LIGPLOT of Val-Trp dipeptide
DIMPLOT of interface between
chains A and B in 3sdp
|2.||Paths and directories|
|3.||Generating a LIGPLOT/DIMPLOT diagram|
|4.||Editing the plot|
|8.||Adding missing H-bonds|
|9.||Removing unwanted H-bonds|
|10.||Plots from structural alignments|
|11.||Structural alignment file formats|
The very first time you run LigPlot+ after installation, you will need to define several paths and directories so that the program knows where to find things like PDB files, the Het Group Dictionary and the RasMol/PyMOL programs (if you have them). LigPlot+ will detect that it is being run for the first time and will pop up an entry-form, described in the section below, for you to fill in.
Note that it is particularly important that the directory you enter for the Temporary directory exists on your computer and is writable, otherwise the program will not run.
Edit the text fields as follows:
i. PDB paths
PDB files are most conveniently identified simply by the 4-character PDB code or identifier. If your system contains one or more locations where PDB files are stored, you can define a "template" path which will allow LigPlot+ to find the relevant PDB file from its 4-character code alone. The files can be gzipped or not.
Alternatively, if you are connected to the internet when you run LigPlot+, the required file can be retrieved by ftp from a given ftp site.
The 4 characters of the PDB code in each template are represented as abcd. These appear in the template within square brackets.
For example, the template
C:/roman/pdbsum/pdb/pdb[abcd].entmeans that, for example, PDB code 1ral would be translated as:
C:/roman/pdbsum/pdb/pdb1ral.entSimilarly, the ftp template
ftp://ftp.ebi.ac.uk/pub/databases/rcsb/pdb-remediated/data/structures/divided/pdb/[bc]/pdb[abcd].ent.gzwould map to PDB code 1ral as:
ftp://ftp.ebi.ac.uk/pub/databases/rcsb/pdb-remediated/data/structures/divided/pdb/ra/pdb1ral.ent.gzNote that here the PDB files are stored in subdirectories whose names correspond to the middle part of the PDB code (here shown as "[bc]").
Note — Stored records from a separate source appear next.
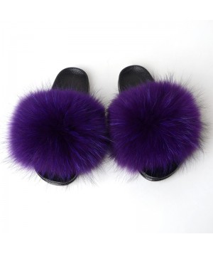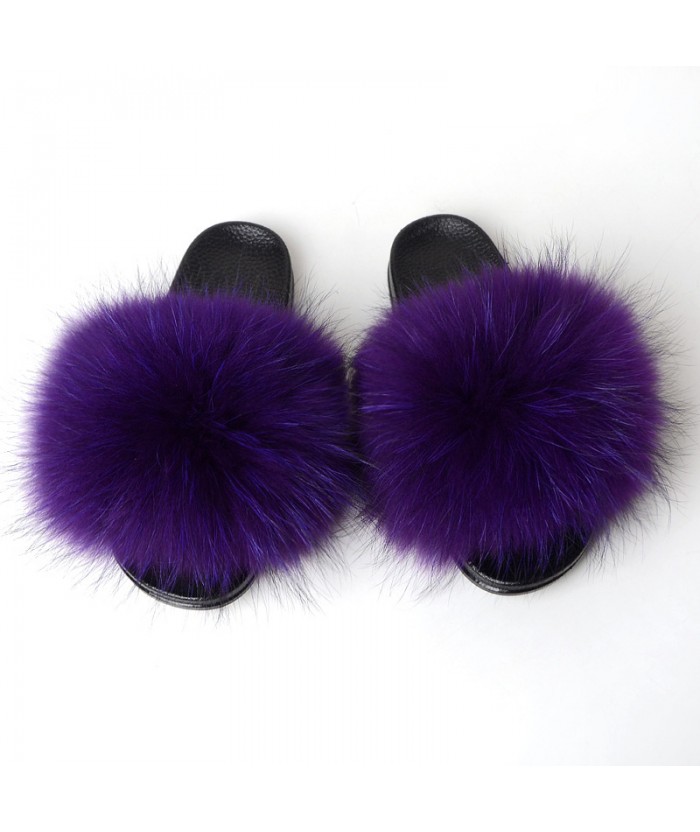Diapositivas de pelo de mapache real Sandalias de pelo de zorro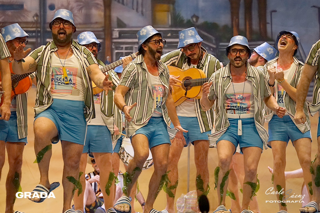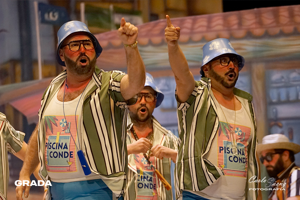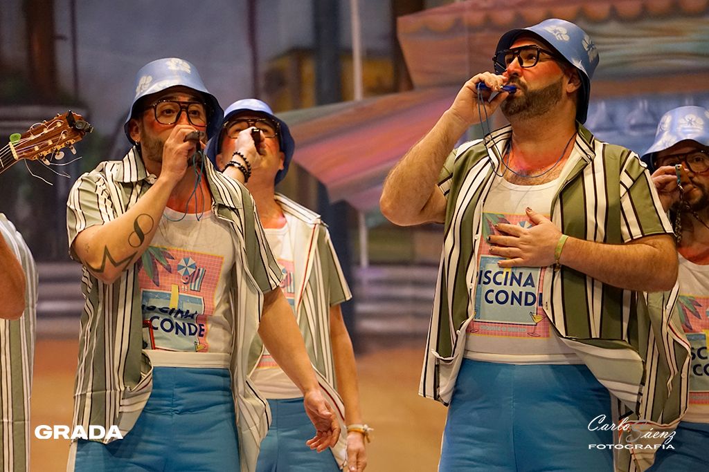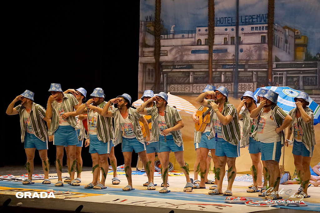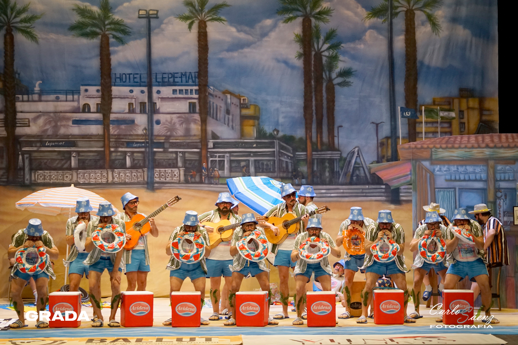 Empezaba la noche con uno de los platos fuerte de la preliminar. Los Mirinda volvían al concurso con ganas de resarcirse del chasco de la pasada edición en la que no consiguieron colarse en la final. Un año más, Los Mirinda vuelven a hacer gala de su estilo inconfundible y que tiene mucho público. Están en La Antilla como gran parte de Badajoz en verano. El tipo les va como anillo al dedo y completaron un buen primer pase. A destacar el segundo pasodoble con su repaso de olores y sus divertidos cuplés con un estribillo muy pegadizo. El popurrí, íntegro cantado desde el tipo, con divertidos momentos. ¡Aquí si hay playa!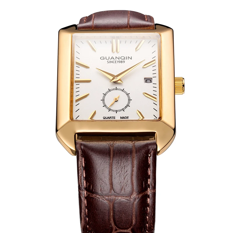 Высококачественные мужские часы GUANQIN 2018, Модные прямоугольные кварцевые часы с календарем, маленький секундный циферблат, кожаный ремешок, мужские часы
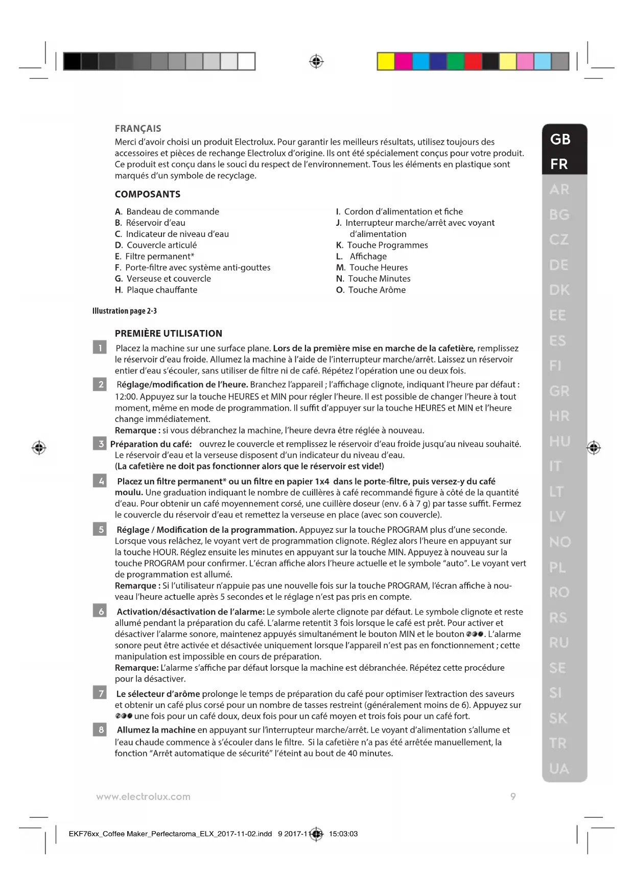 - Si l’appareil ou le cordon d’alimentation est endommagé, il doit être remplacé par le EKF76xx_Coffee Maker_Perfectaroma_ELX_2017-11-02.indd 10 2017-11-03 15:03:0311 www.electrolux.com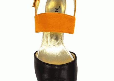 In detail, the open toe shoe is made of genuine leather with suede upper and ankle straps. The ankle strap is adjustable for desired fit and comfort. It has a block heel that measures 2.5 inches high and 1.75 inches wide. The shoe comes in two color options: orange and blue.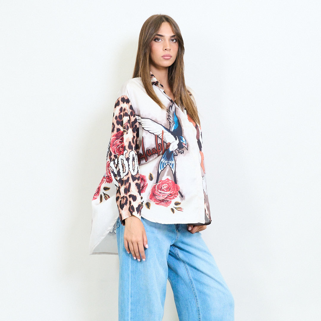- Vetgedrukte satijnen blouse met gemengde grafische en dierenprintdetails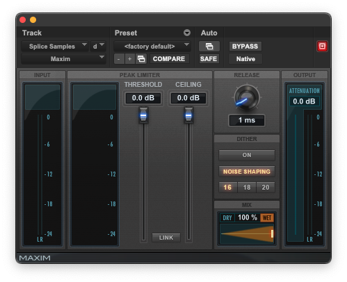 Especially for those who begrudge the mastering phase, Maxim is your best friend. The interface is incredibly easy to use for beginners and pros alike, allowing you to push the power of your tracks without risking distorting or clipping. A full mastering pass of your track while monitoring the attenuation meter is also an excellent way to build ear training into your routine.

The above ftp address retrieves gzipped PDB files from the PDBe ftp site at the EBI. A full list of possible ftp addresses is given below:
You can add others if you wish.
PDBe ftp://ftp.ebi.ac.uk/pub/databases/rcsb/pdb-remediated/data/structures/divided/pdb/[bc]/pdb[abcd].ent.gz PDBj ftp://ftp.pdbj.org/pub/pdb/data/structures/divided/pdb/[bc]/pdb[abcd].ent.gz RCSB PDB ftp://ftp.wwpdb.org/pub/pdb/data/structures/divided/pdb/[bc]/pdb[abcd].ent.gz
ii. The Het Group Dictionary
LigPlot+ gets its information about ligand molecules from the Het Group Dictionary. This defines the atom names, connectivities and bond orders of every Het Group in the PDB. You can download a copy of this dictionary from the wwPDB at:
It is a good idea to download it regularly to always have an up-to-date copy.
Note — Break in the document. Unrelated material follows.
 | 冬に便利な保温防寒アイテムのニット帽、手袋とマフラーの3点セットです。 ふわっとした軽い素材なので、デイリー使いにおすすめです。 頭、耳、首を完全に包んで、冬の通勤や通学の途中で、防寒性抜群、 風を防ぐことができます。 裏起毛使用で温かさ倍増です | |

Record the full path and filename of the Het Group Dictionary here so that the programs know where to find it. If you have a ligand that is not in the dictionary, you can define the ligand in your own version of the dictionary or in a .sdf file (see below).
SDF Dictionary. If your ligand definitions are in a .sdf file, you can provide the name of your file here in place of the Het Group Dictionary. There are two important considerations:
iii. Temporary directory
LigPlot+ needs a directory where it can put its temporary working files (which it deletes once it has done with them). Use this parameter to define such a directory. The directory must be present on your computer and have write permissions that allow you to write to it.
The default location for Windows is C:\tmp, and for linux /tmp. If these directories do not exist on your system, you need to either create them or change the path to directories that do exist.
iv. Name of RasMol executable
Enter the full path and name of the RasMol executable file. This will allow you to display the 3D coords of the given LIGPLOT/DIMPLOT diagrams. If you do not have RasMol, enter NONE here, although it is recommended that you download and install a copy of the program.
Linux users might find it more convenient to enter the RasMol path using the following format:
xterm -e rasmol -scriptThis will open up an X-term window as well as a RasMol window. The former can be used for entering RasMol commands.
v. Name of PyMOL executable
Similarly, if you have PyMOL installed, enter the full path and name of the executable here. As in the RasMol option, this will allow you to display the 3D coords of the given LIGPLOT/DIMPLOT diagrams. If you do not have PyMOL, enter NONE here.
|Once you have entered all the parameters, press the Save button to store your paths.|
Should you need to alter the paths at some later date, you can do so via the Program paths menu item in the Edit menu:
Alternatively, you can click the browse Browse button for a PDB file in your local directory system.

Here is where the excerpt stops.